Work instructions:
Where a picture appears, skip it and copy everything else in the listing exactly.

Records to process below:

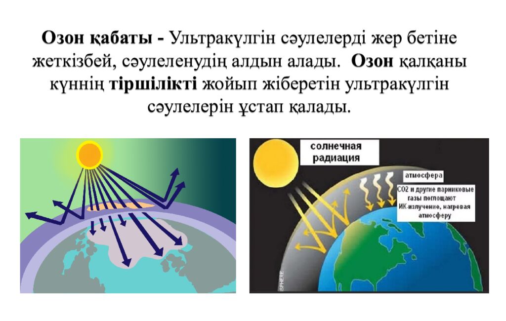 Озон қабаты - Ультракүлгін сәулелерді жер бетіне жеткізбей, сәулеленудің алдын алады. Озон қалқаны күннің тіршілікті жойып жіберетін ультракүлгін сәулелерін ұстап қалады.
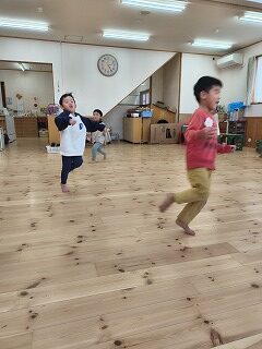 リズムの最後に、学年ごとにもう一度やりたい物を話し合いリクエストできます。初めの頃は、保育教諭が間に入り、話し合いをしていた4歳児も「何がいい?」とみんなの意見を聞き、自分たちで決められるようになりました。代表のじゃんけんで決める5歳児は、「えっ?!ちょっと代表が多くない?」なんて笑い合い決めていました。
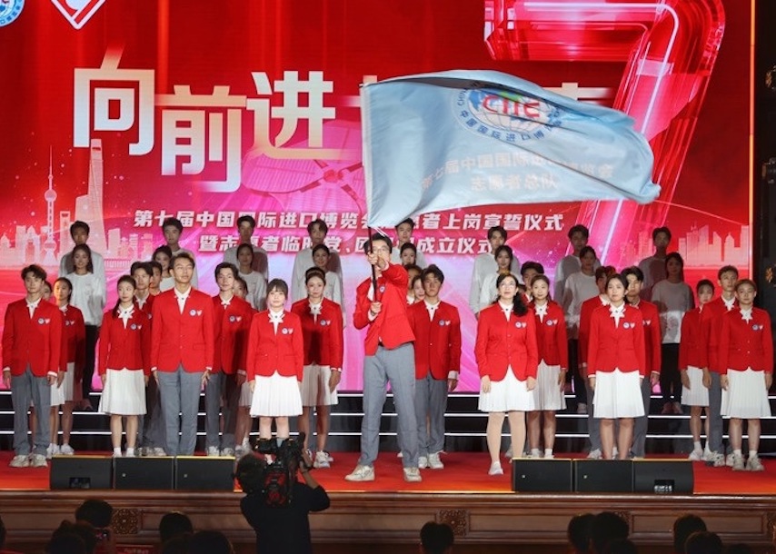 第七届进博会志愿者宣誓上岗 3488名“小叶子”整装待发
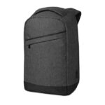 600D 2 tone Polyester backpack with padded shoulder strap with main internal compartment. Includes one internal 13'' laptop compartment and an USB charging cable. Zipper main compartment on backside for better protection.
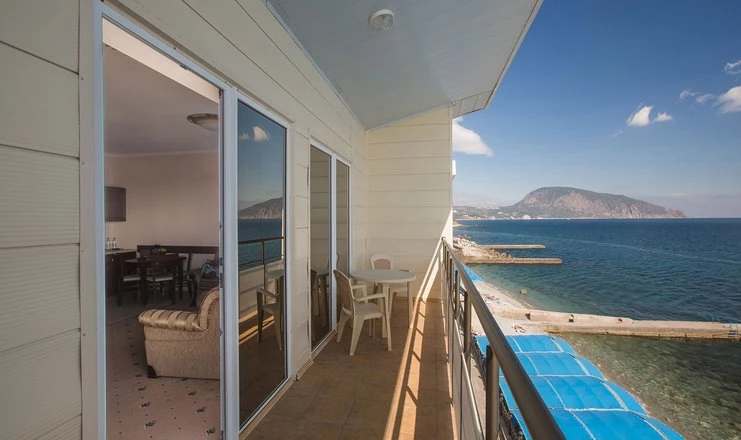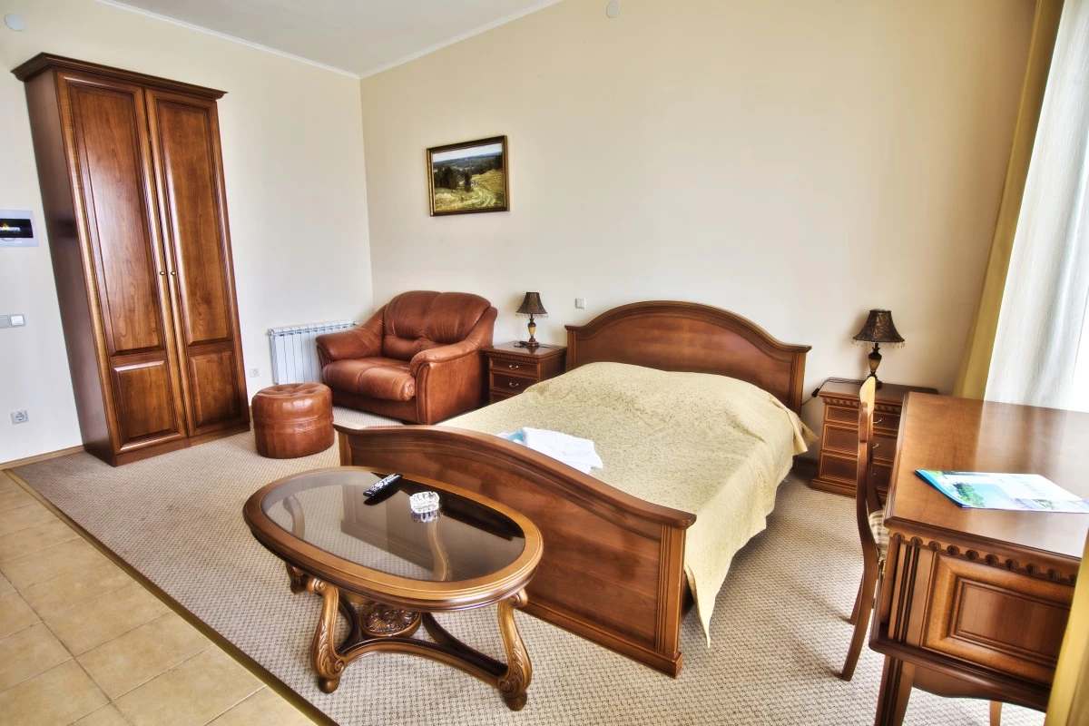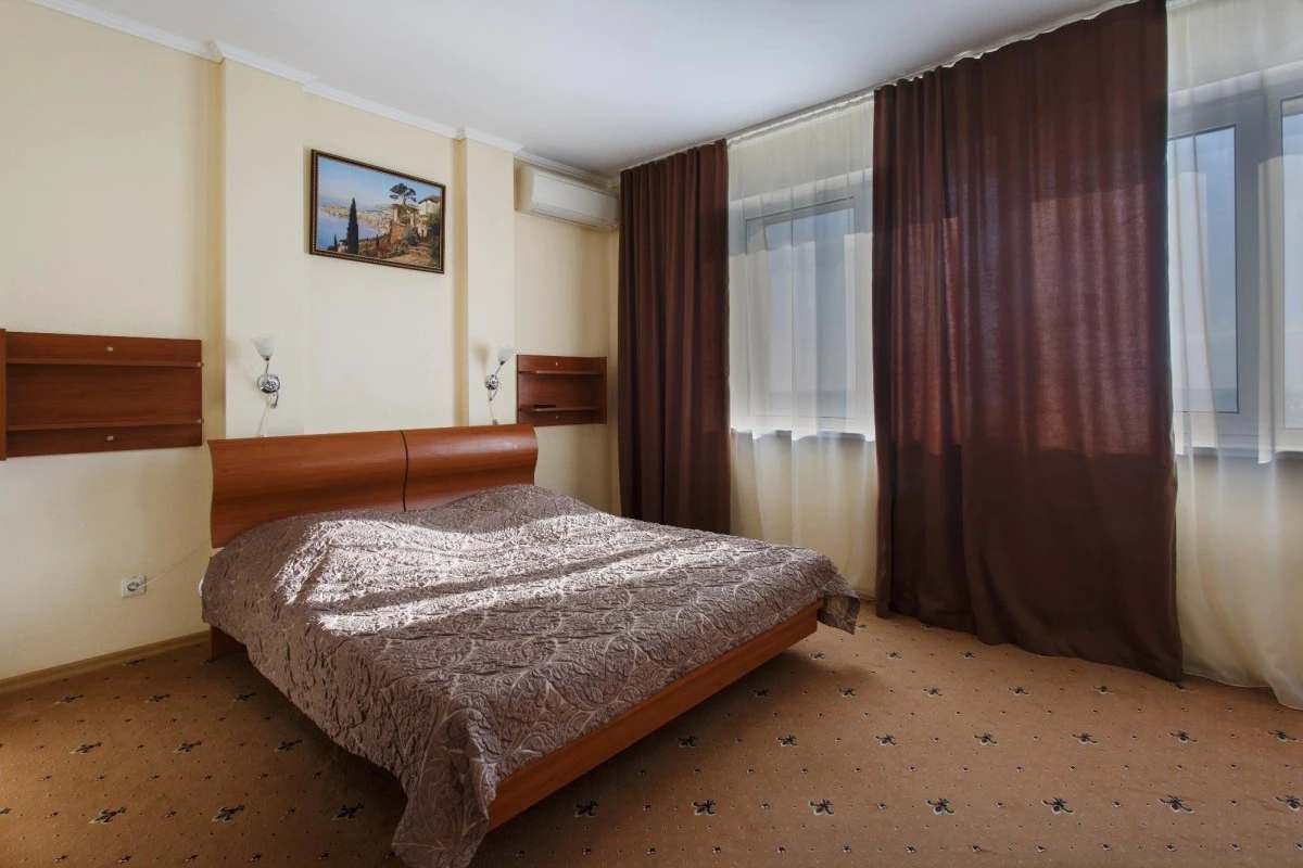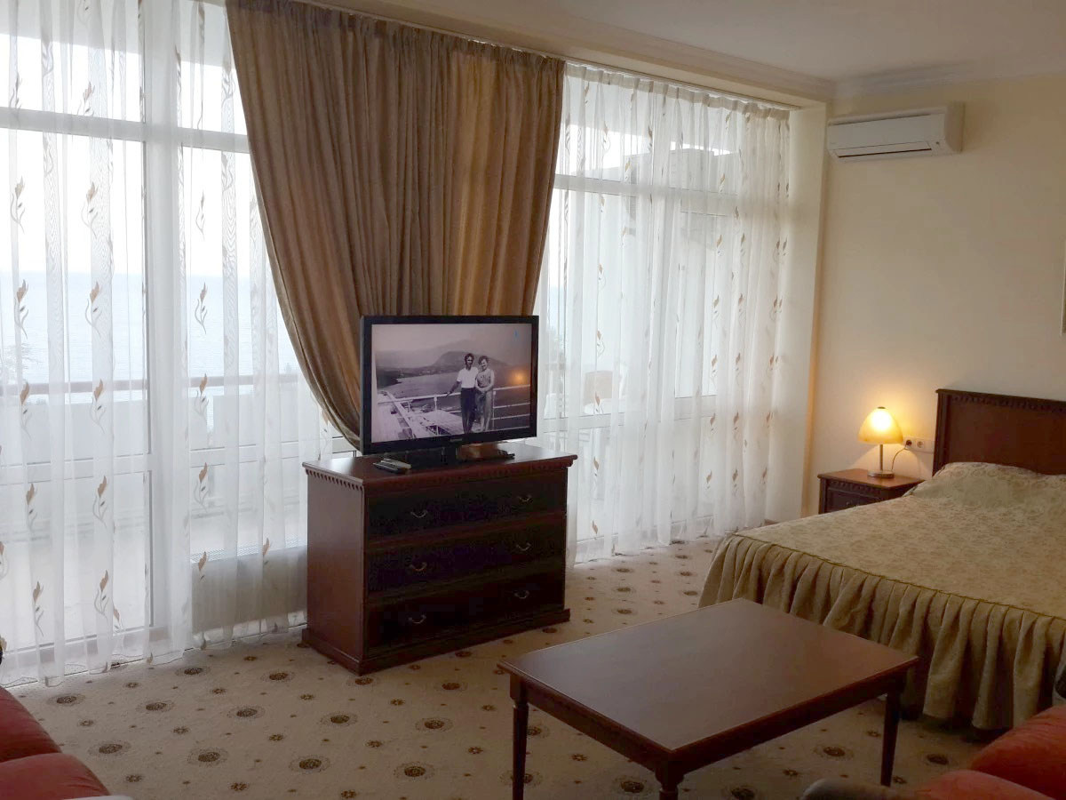 Площадь номера: 36 кв. м. В номере: двуспальная кровать, диван и кресла, Wi-Fi, кондиционер, сейф, телефон, чайник, телевизор, душ, туалет, холодильник, фен, посуда, утюг. Номера представлены в двух вариантах: на третьем этаже — с двумя раздельными кроватями, софой и светлой мебелью; на четвертом этаже — с одной двуспальной кроватью, тёмной мебелью. Открытый балкон с видом на море, бассейн и реликтовый парк. Дополнительное место: одно (еврораскладушка).
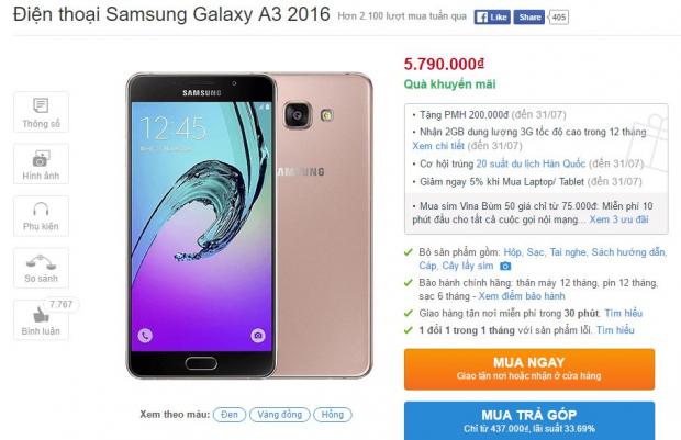 Cụ thể, Galaxy A3 2016 đã được giảm giá từ 6.19 triệu xuống còn 5.79 triệu, giảm 400 ngàn đồng, mức giảm không nhiều nhưng cũng đủ để khích lệ người mua. Ngoài ra, khi mua sản phẩm này bạn còn nhận được 2 GB dung lượng 3G trong 12 tháng (áp dụng đến hết ngày 31/7).
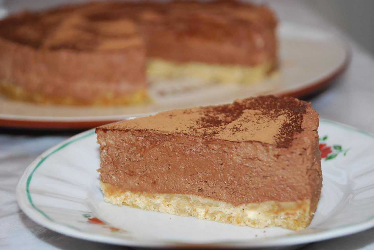 Разъемную форму с песочным основанием оберните снаружи фольгой, чтобы вода не попала в щели (обычно чизкейк выпекают на водяной бане). Но повышенная в сравнении с простым классическим чизкейком плотность шоколадного десерта позволяет пропустить этот пункт и готовить непосредственно в духовке (без бани). Благодаря наличию какао он равномерно пропечется при 120–130 градусах за 1,5–2 часа. На песочную основу вылейте сырную массу с шоколадом.
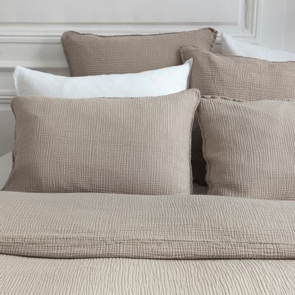 Une nouvelle matière toute douce, moelleuse à souhait pour cette housse de couette en double gaze de coton grège. Vous serez charmer par son coté gaufré qui lui donne de la la matière. Vous ne penserez plus qu'à rejoindre votre lit en bonne compagnie .Fini les corvées de repassage avec cette housse de couette en gaze de coton.

End of Records to process.

Answer below:
 Озон қабаты - Ультракүлгін сәулелерді жер бетіне жеткізбей, сәулеленудің алдын алады. Озон қалқаны күннің тіршілікті жойып жіберетін ультракүлгін сәулелерін ұстап қалады.
 リズムの最後に、学年ごとにもう一度やりたい物を話し合いリクエストできます。初めの頃は、保育教諭が間に入り、話し合いをしていた4歳児も「何がいい?」とみんなの意見を聞き、自分たちで決められるようになりました。代表のじゃんけんで決める5歳児は、「えっ?!ちょっと代表が多くない?」なんて笑い合い決めていました。
 第七届进博会志愿者宣誓上岗 3488名“小叶子”整装待发
 600D 2 tone Polyester backpack with padded shoulder strap with main internal compartment. Includes one internal 13'' laptop compartment and an USB charging cable. Zipper main compartment on backside for better protection.
 Площадь номера: 36 кв. м. В номере: двуспальная кровать, диван и кресла, Wi-Fi, кондиционер, сейф, телефон, чайник, телевизор, душ, туалет, холодильник, фен, посуда, утюг. Номера представлены в двух вариантах: на третьем этаже — с двумя раздельными кроватями, софой и светлой мебелью; на четвертом этаже — с одной двуспальной кроватью, тёмной мебелью. Открытый балкон с видом на море, бассейн и реликтовый парк. Дополнительное место: одно (еврораскладушка).
 Cụ thể, Galaxy A3 2016 đã được giảm giá từ 6.19 triệu xuống còn 5.79 triệu, giảm 400 ngàn đồng, mức giảm không nhiều nhưng cũng đủ để khích lệ người mua. Ngoài ra, khi mua sản phẩm này bạn còn nhận được 2 GB dung lượng 3G trong 12 tháng (áp dụng đến hết ngày 31/7).
 Разъемную форму с песочным основанием оберните снаружи фольгой, чтобы вода не попала в щели (обычно чизкейк выпекают на водяной бане). Но повышенная в сравнении с простым классическим чизкейком плотность шоколадного десерта позволяет пропустить этот пункт и готовить непосредственно в духовке (без бани). Благодаря наличию какао он равномерно пропечется при 120–130 градусах за 1,5–2 часа. На песочную основу вылейте сырную массу с шоколадом.
 Une nouvelle matière toute douce, moelleuse à souhait pour cette housse de couette en double gaze de coton grège. Vous serez charmer par son coté gaufré qui lui donne de la la matière. Vous ne penserez plus qu'à rejoindre votre lit en bonne compagnie .Fini les corvées de repassage avec cette housse de couette en gaze de coton.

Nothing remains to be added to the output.